NatureWorks spokesman Steve Davies says Ingeo (“ingredients from the earth”) is typically 60 percent less carbon-intensive than a regular plastic like PET. The firm is partly owned by Cargill, the large agriculture and food company.
So far, Ingeo is used by Dannon for its Activia yogurt in Germany, Stonyfield Farm in its yogurt containers, and Wal-Mart in its deli and vegetable packaging.
“There’s an emotional factor with many consumers who don’t like petroleum-based plastics, plastics is not a good word in our society, and there’s a better alternative,” Davies said. “We see a world in the future where there’s going to be renewably sourced variants of pretty much everything.”
Food-to-fuel debate
NatureWorks is working with Menlo Park, Calif.-based Calysta Energy to use methane to create plastics, although they are still in the research-and-development phase and it’s likely to be several years before they’re able to go into commercial production.
But if they’re successful, it could boost the shift away from petroleum-based plastics. “Any methane at all that you can capture and prevent going into the atmosphere, especially if you can capture it into a plastic which is long-lived and is not going to be burned anytime soon, it has a huge impact on climate change and environmental sustainability,” said Josh Silverman, Calysta’s chief scientific officer.
Alan Shaw, Calysta’s CEO, said methane from natural gas has several advantages over starch: It’s a cheaper source of carbon, unlike sugar there’s no oxygen that has to be taken out, and there’s an infrastructure to gather it from the natural gas pipes that are already in place across the United States.
“Perhaps the most important is there’s no food-fuel debate around natural gas; unfortunately, biomass and sugar carry that label whether you like it or not,” Shaw said.
One big plastic buyer is Coca-Cola, which sells around 1.9 billion servings of its drinks every day, many of them in plastic bottles.
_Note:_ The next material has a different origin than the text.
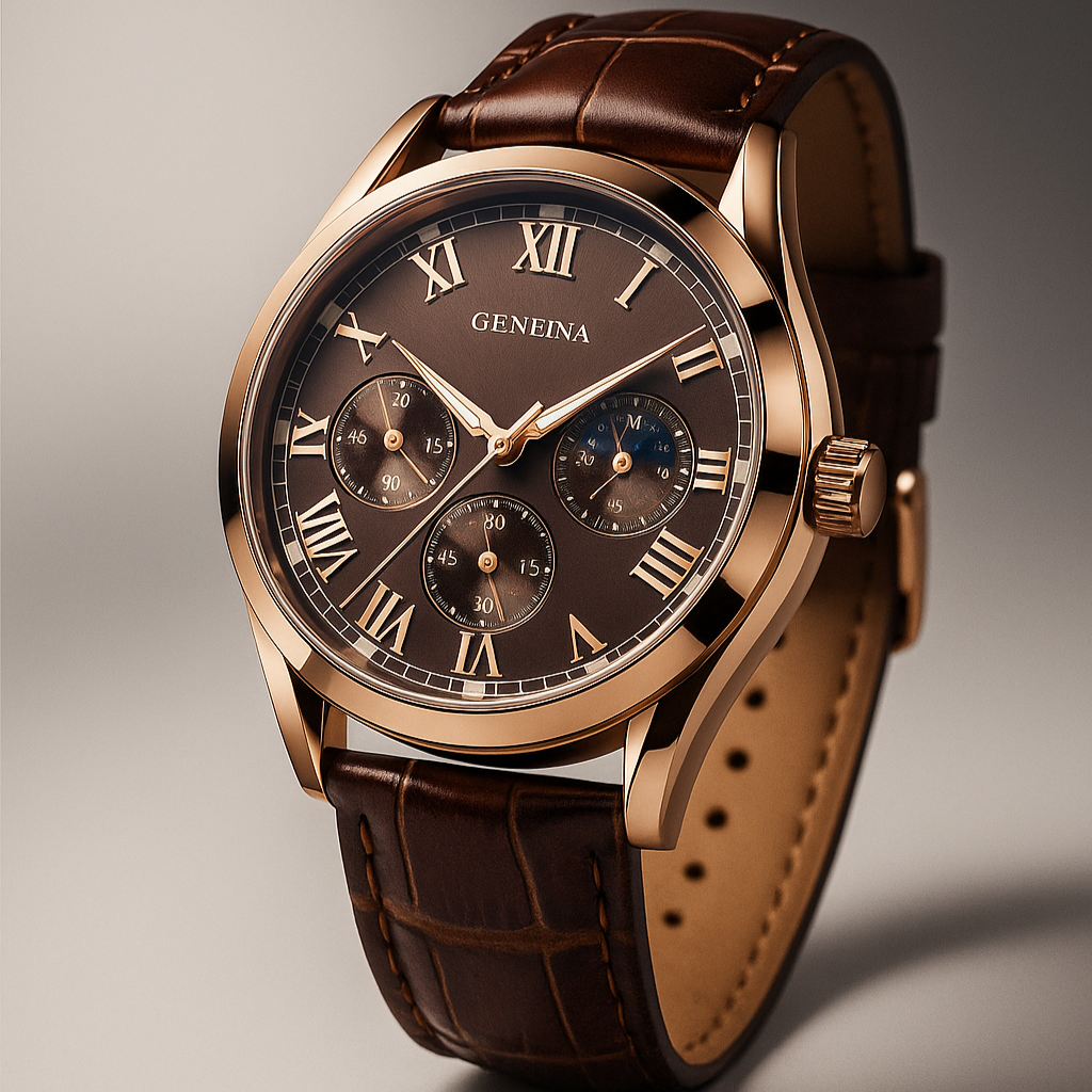 The Everon is a study in timeless sophistication, designed for the modern man who commands both presence and precision. Its robust alloy case offers enduring strength, while the Roman numeral dial evokes a sense of classical refinement. A genuine leather strap completes the silhouette, blending comfort with polished elegance across every occasion.

In 2009, it introduced what it calls PlantBottles, which use plastic that comes from up to 30 percent plant materials (Brazilian sugar cane made into ethanol).
But because most of the plastic Coca-Cola uses is still made from conventional oil sources, it has asked three firms to try to find a plastic that can make fully renewable plastic bottles.
Big markets beckon
One of those companies is called Gevo, based in Englewood, Colo. What it does is take the starch from corn and convert it into a sugar and then a yeast, which through fermentation eats the sugar and excretes alcohol. It ends up with isobutanol, a chemical used in industrial processes.
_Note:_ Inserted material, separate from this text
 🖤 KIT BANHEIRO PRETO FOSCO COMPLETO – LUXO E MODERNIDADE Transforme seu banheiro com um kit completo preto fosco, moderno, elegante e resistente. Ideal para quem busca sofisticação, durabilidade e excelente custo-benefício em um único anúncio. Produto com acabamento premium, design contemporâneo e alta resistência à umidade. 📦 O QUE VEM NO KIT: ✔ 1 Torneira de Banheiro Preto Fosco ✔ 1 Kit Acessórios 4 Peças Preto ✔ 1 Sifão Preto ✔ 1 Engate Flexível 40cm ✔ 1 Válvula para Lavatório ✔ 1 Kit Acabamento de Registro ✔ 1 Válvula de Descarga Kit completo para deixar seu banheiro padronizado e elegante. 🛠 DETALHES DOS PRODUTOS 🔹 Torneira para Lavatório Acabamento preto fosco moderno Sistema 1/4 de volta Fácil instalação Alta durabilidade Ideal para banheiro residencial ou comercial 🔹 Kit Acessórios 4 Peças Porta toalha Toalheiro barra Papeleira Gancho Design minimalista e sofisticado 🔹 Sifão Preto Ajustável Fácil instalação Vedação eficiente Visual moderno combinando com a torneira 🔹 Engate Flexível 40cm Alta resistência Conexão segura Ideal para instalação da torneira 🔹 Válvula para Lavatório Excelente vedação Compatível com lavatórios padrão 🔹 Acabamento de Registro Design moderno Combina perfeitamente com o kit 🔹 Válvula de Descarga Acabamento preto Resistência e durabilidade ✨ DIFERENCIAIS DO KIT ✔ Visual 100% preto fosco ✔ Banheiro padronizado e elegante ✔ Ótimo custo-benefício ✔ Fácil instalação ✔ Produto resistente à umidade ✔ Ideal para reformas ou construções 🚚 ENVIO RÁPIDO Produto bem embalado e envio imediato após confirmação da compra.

While Gevo is still in testing mode for making the plastic building block paraxylene, its 18-million-gallon-capacity plant in Luverne, Minn., currently makes the isobutanol that’s later refined into biofuel for use in airplanes by the U.S. military. It also hopes to start supplying isobutanol to Total this year for gasoline use.
“The market opportunities are enormous especially as people are looking to switch to renewable resources,” said Brett Lund, Gevo’s chief licensing officer, who said it can produce isobutanol at a lower cost than its usual sourcing from oil.
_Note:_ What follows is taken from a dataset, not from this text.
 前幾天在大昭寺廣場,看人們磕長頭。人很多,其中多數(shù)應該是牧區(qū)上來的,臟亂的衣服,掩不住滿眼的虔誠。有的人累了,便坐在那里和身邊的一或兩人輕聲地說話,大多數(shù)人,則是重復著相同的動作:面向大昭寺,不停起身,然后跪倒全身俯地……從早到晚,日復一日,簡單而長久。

Big plastic companies are also getting into the act, although they concede that the vast majority of their materials are still made from oil.
In late 2010, Brazilian petrochemical giant Braskem started using ethanol from sugar cane to make a more sustainable polyethylene, one of the most commonly used plastics. In a $290 million investment, the company now makes plastic raw material that is transformed into things like Odwalla juice bottles, Pantene Nature Fusion shampoo bottles and hard hats for the company Mine Safety Appliances.
“People look at this technology and … see what’s going to happen in the future. Because someday, we’re going to say, hey, we’re depleting some of our resources, what can we do to really conserve and really reduce global warming?” said James Kahn, Braskem’s commercial manager for green polyethylene.